Ketamine and its long-lasting effects on the body of the depressed patient is being studied here in this study. Ketamine with its instantaneous onset is well known to relieve patients from chronic depression, but a proper explanation has not been provided so far.
How does ketamine actually work and why is it that its effects last longer in depressed patients? The Molecular answers to these questions are being provided in this study. The findings of this study are published in the Molecular Psychiatry Journal.
‘The finding also contradicts the long-held belief that ketamine works solely by blocking a cellular receptor called the NMDA receptor.’
Now, researchers led by Mark Rasenick, distinguished professor of physiology and psychiatry in the University of Illinois at Chicago College of Medicine, describe the molecular mechanisms behind ketamine's ability to squash depression and keep it at bay.Two-thirds of participants in clinical studies who did not respond to traditional antidepressants experienced fast and lasting resolution of their depressive symptoms after being given ketamine intravenously, Rasenick explained. The effects of ketamine typically lasted about a week -- much longer than would be expected with ketamine's six-hour half-life in the body.
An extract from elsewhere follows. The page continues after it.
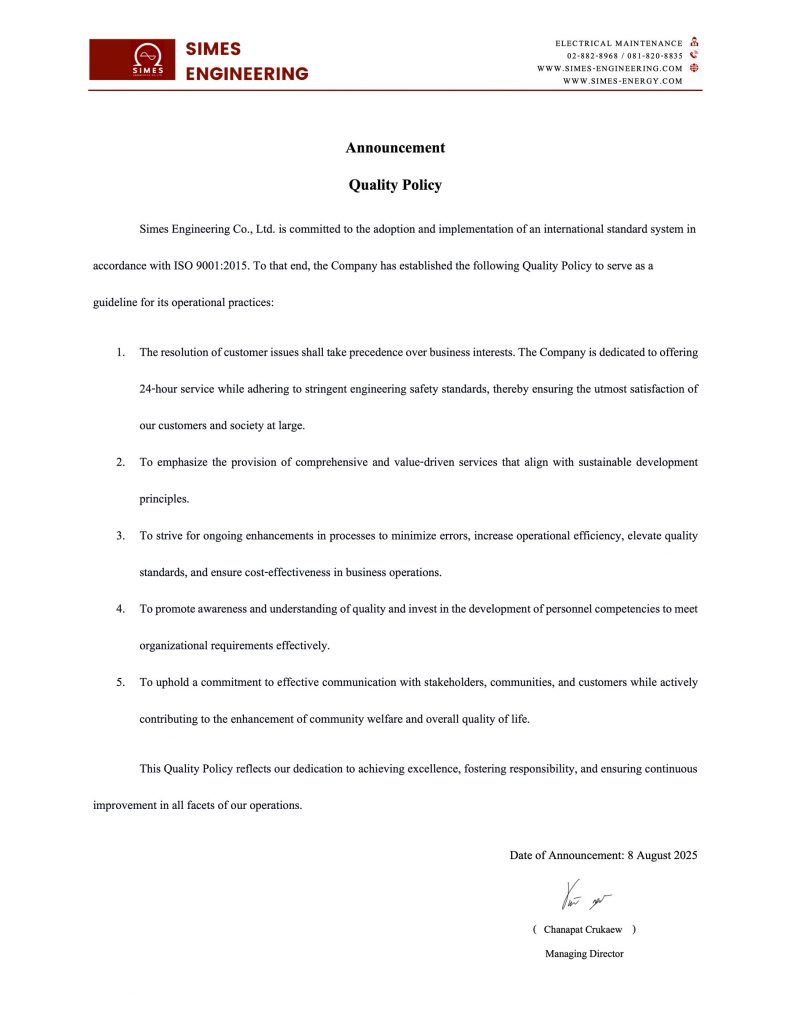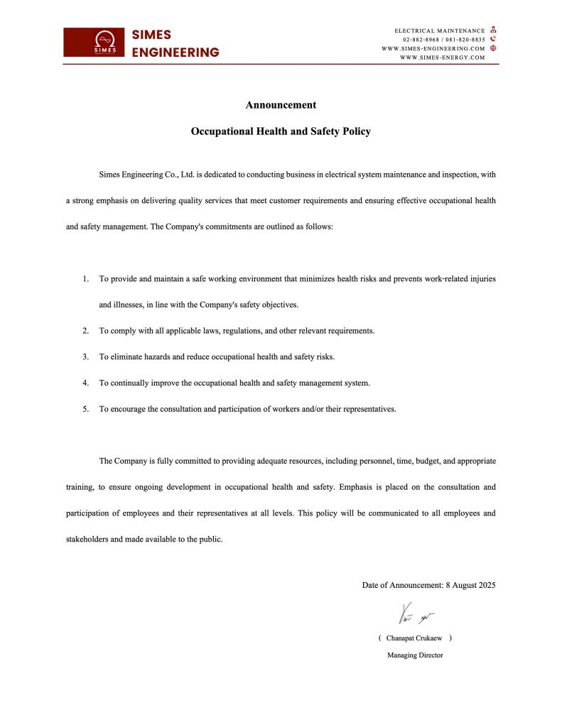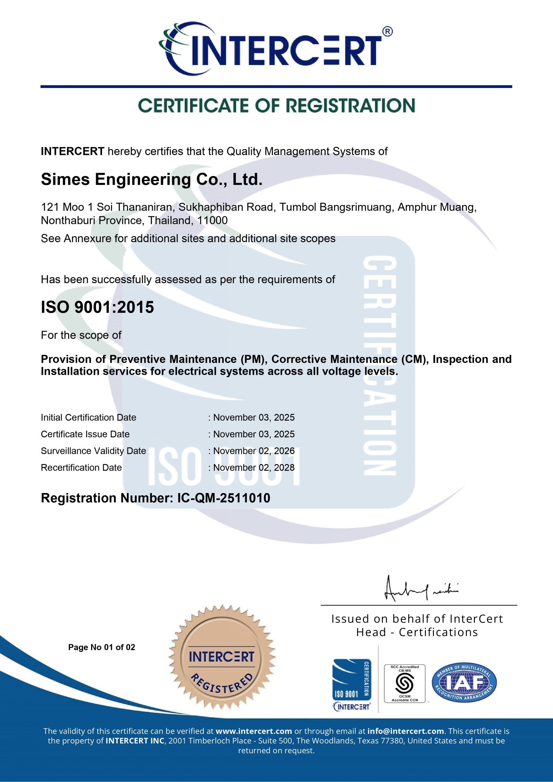 ปัจจุบัน บริษัทไซเมส เอ็นจิเนียริ่ง จำกัด ดูแลบำรุงรักษาระบบไฟฟ้าให้โรงงานอุตสาหกรรมขนาดใหญ่ ในนิคมอุตสาหกรรมมากกว่า 30 โรงงาน และอาคารสูงมากกว่า 10 แห่ง
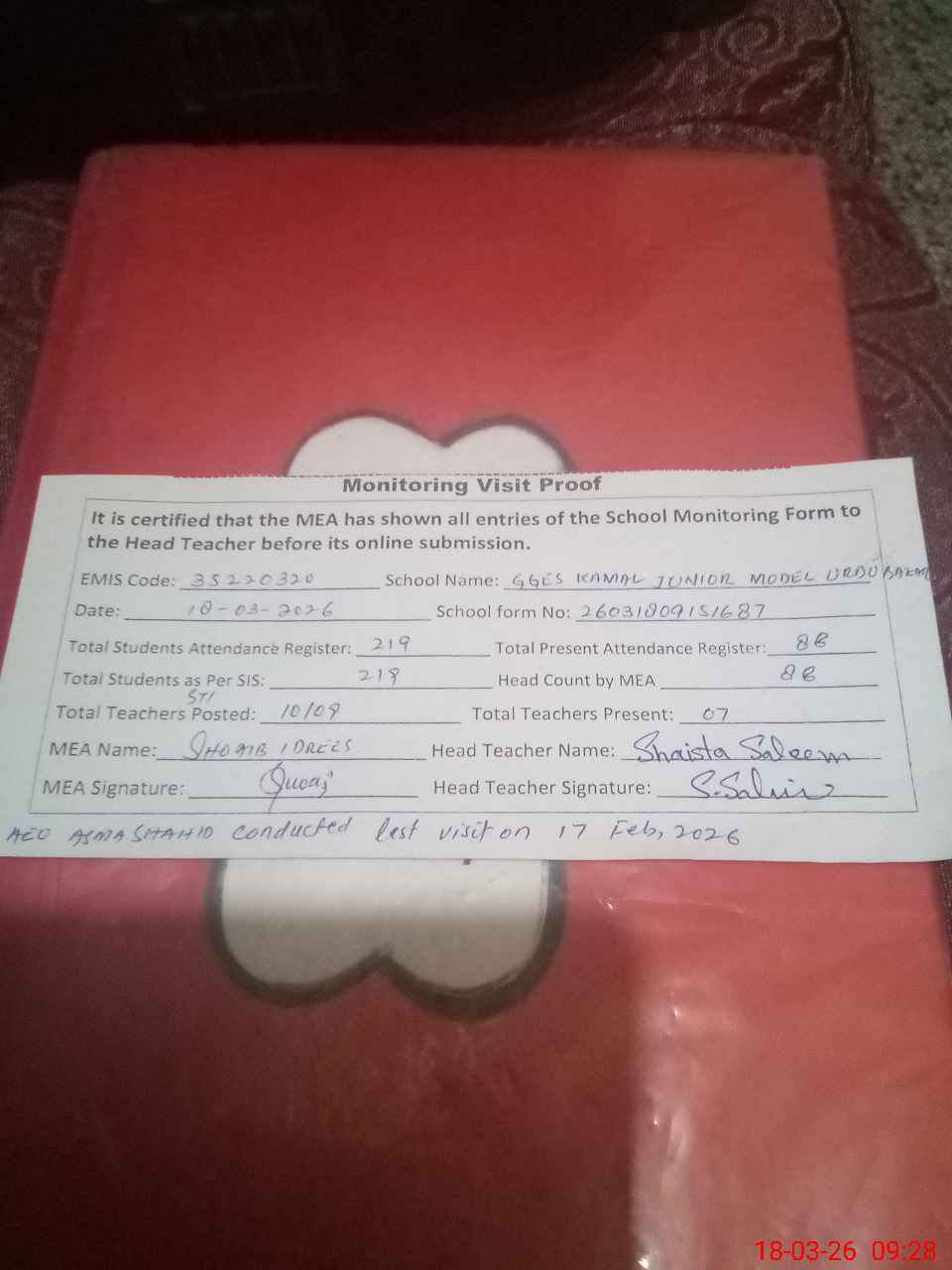 | Attendance Register | Head Teacher | MEA with School | Visit Proof |

Rasenick and his colleagues used a cellular model system to investigate how ketamine acted.
In previous research, Rasenick and his colleagues showed that SSRIs -- the most commonly prescribed class of antidepressants, which includes Prozac and Zoloft -- work in the brain by moving molecules called G proteins off of "lipid rafts" on the cell membrane, where the G proteins are held inactive. G proteins produce cyclic AMP, which nerve cells need to signal properly. People with depression, Rasenick found, tend to have a greater proportion of their G proteins packed into these membrane patches, along with dampened brain cell signaling, which may contribute to symptoms of depression, including a feeling of overall numbness.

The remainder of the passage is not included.